EXERCISE: Transcribe word for word the lines below from the line with "进入2022年以来,新冠疫情" through the line with "Designed in Milan, Italy, this", ends included.

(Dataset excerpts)
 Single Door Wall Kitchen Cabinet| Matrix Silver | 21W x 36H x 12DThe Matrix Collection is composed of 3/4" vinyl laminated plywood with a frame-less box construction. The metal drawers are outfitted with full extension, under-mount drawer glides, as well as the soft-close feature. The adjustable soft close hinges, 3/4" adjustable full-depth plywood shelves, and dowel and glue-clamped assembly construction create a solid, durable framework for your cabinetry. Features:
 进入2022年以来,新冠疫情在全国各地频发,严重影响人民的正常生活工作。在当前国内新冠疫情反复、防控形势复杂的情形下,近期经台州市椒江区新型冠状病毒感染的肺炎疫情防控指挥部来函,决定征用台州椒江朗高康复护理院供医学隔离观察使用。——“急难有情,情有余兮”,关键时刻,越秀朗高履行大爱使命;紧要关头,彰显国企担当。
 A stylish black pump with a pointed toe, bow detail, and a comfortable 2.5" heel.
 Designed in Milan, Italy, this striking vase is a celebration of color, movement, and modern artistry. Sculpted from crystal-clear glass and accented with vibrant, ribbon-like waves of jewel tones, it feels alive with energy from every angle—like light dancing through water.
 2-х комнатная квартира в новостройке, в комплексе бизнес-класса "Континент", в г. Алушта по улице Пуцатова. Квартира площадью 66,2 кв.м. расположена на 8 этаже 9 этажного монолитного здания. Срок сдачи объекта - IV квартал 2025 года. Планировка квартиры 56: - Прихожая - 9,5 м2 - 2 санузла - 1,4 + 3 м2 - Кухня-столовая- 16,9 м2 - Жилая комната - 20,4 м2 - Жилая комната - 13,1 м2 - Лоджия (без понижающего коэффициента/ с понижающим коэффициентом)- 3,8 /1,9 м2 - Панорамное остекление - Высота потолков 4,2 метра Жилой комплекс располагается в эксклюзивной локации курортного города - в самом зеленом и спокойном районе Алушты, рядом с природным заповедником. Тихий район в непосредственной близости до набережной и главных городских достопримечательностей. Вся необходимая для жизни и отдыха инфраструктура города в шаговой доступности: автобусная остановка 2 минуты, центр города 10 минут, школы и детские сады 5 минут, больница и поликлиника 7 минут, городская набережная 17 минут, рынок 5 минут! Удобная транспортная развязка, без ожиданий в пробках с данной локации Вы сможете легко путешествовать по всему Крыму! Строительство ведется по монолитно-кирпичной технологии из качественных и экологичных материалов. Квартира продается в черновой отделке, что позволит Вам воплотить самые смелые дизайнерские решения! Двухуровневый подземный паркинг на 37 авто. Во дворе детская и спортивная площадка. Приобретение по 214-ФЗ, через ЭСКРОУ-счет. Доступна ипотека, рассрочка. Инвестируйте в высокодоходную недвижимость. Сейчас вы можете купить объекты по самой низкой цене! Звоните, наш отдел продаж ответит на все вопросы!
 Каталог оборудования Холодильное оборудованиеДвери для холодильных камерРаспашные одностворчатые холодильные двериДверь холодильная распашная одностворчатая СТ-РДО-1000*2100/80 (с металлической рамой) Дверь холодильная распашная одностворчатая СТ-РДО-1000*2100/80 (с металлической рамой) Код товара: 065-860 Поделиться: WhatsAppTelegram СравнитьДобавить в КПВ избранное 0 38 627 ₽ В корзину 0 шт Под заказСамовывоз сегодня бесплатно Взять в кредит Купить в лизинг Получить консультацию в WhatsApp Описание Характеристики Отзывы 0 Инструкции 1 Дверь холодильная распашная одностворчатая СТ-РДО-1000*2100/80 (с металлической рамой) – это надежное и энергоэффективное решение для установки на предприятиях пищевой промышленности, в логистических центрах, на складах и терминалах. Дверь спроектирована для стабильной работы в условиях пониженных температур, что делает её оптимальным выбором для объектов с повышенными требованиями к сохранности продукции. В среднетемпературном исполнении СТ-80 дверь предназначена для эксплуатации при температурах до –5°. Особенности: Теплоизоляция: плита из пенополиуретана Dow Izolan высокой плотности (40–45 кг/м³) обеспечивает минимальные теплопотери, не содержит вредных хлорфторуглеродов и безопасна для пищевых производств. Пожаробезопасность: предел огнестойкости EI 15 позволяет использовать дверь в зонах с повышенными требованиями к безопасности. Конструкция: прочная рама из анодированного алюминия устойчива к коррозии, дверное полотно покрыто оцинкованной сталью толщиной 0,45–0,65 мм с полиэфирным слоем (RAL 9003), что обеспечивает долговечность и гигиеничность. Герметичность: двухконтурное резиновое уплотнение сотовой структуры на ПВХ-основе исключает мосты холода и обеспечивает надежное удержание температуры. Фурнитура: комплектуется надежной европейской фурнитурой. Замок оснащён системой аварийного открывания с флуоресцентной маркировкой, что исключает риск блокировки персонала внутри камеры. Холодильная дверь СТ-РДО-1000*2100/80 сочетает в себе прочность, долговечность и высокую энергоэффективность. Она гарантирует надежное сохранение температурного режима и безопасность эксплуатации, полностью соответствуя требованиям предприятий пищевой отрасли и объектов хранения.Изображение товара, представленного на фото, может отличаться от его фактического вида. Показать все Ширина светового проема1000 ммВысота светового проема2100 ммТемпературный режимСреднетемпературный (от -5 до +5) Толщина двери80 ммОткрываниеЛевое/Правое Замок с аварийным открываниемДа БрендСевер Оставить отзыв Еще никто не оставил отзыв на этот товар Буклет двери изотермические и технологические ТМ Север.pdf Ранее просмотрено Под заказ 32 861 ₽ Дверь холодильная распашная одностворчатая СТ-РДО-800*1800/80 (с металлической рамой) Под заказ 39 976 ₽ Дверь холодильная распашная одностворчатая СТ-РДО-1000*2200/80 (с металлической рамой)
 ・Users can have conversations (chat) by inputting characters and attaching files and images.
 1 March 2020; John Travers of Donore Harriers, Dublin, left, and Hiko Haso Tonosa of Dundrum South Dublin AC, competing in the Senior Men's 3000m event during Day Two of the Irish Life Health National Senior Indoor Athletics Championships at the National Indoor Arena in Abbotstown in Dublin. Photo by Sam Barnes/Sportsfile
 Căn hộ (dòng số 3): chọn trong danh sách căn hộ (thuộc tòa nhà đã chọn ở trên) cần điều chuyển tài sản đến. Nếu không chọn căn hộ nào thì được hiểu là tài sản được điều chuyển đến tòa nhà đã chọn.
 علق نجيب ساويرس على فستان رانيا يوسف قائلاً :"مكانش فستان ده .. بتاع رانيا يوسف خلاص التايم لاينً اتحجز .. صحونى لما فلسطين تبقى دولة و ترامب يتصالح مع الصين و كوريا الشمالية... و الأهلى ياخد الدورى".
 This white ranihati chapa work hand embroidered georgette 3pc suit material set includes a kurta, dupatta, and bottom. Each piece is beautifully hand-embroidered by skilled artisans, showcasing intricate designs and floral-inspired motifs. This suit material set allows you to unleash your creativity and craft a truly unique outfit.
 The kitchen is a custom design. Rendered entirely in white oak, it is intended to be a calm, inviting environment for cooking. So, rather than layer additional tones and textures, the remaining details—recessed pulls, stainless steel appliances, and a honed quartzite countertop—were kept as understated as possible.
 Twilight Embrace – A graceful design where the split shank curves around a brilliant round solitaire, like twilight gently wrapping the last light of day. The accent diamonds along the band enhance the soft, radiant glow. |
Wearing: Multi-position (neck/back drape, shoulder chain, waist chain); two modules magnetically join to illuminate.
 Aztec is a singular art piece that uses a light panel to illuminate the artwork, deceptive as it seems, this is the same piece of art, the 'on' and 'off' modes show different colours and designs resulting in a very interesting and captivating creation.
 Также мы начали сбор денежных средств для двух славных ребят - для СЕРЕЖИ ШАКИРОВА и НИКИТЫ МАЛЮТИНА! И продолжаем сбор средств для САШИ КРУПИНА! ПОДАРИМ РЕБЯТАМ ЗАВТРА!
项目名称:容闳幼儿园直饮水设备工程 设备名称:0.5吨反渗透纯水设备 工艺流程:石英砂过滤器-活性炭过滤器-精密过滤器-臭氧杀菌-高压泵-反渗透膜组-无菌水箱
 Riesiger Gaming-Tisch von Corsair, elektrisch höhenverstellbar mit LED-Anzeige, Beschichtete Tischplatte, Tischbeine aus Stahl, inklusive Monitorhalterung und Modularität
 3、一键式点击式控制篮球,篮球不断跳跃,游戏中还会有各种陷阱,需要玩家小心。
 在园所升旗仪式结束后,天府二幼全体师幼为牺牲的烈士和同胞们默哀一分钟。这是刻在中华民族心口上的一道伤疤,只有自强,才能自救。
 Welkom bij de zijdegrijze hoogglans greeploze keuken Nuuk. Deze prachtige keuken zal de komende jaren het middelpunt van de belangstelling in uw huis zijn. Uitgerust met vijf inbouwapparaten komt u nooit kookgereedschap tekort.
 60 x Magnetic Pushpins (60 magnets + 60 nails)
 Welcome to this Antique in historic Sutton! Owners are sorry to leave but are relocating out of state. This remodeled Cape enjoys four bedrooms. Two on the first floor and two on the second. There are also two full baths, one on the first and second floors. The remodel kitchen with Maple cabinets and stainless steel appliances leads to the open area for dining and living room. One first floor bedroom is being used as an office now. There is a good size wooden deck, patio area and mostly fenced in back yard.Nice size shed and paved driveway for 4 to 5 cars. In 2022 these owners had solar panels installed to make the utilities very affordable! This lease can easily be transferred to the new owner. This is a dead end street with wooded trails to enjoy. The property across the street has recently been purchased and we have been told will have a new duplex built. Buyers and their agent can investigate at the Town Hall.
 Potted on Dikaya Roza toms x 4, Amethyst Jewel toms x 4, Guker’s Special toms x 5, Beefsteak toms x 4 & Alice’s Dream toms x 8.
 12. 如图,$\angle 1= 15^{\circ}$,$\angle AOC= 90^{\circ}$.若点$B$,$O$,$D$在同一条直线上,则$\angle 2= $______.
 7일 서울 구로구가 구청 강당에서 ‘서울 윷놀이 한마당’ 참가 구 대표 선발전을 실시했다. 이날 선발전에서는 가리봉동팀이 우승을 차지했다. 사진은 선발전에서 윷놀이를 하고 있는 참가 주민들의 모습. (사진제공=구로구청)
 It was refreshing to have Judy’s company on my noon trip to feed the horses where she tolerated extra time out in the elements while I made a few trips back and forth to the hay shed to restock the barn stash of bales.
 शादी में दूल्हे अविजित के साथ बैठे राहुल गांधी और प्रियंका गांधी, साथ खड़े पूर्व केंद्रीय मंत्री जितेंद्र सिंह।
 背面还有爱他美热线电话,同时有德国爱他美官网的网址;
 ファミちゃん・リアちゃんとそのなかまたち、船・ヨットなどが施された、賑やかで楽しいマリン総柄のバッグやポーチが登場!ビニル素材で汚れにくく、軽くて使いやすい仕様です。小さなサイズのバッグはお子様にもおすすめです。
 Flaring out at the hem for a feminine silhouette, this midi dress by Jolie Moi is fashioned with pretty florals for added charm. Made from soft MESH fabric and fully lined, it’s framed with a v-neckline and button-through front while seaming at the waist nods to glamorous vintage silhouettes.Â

SOLUTION TO THIS EXERCISE:
 进入2022年以来,新冠疫情在全国各地频发,严重影响人民的正常生活工作。在当前国内新冠疫情反复、防控形势复杂的情形下,近期经台州市椒江区新型冠状病毒感染的肺炎疫情防控指挥部来函,决定征用台州椒江朗高康复护理院供医学隔离观察使用。——“急难有情,情有余兮”,关键时刻,越秀朗高履行大爱使命;紧要关头,彰显国企担当。
 A stylish black pump with a pointed toe, bow detail, and a comfortable 2.5" heel.
 Designed in Milan, Italy, this striking vase is a celebration of color, movement, and modern artistry. Sculpted from crystal-clear glass and accented with vibrant, ribbon-like waves of jewel tones, it feels alive with energy from every angle—like light dancing through water.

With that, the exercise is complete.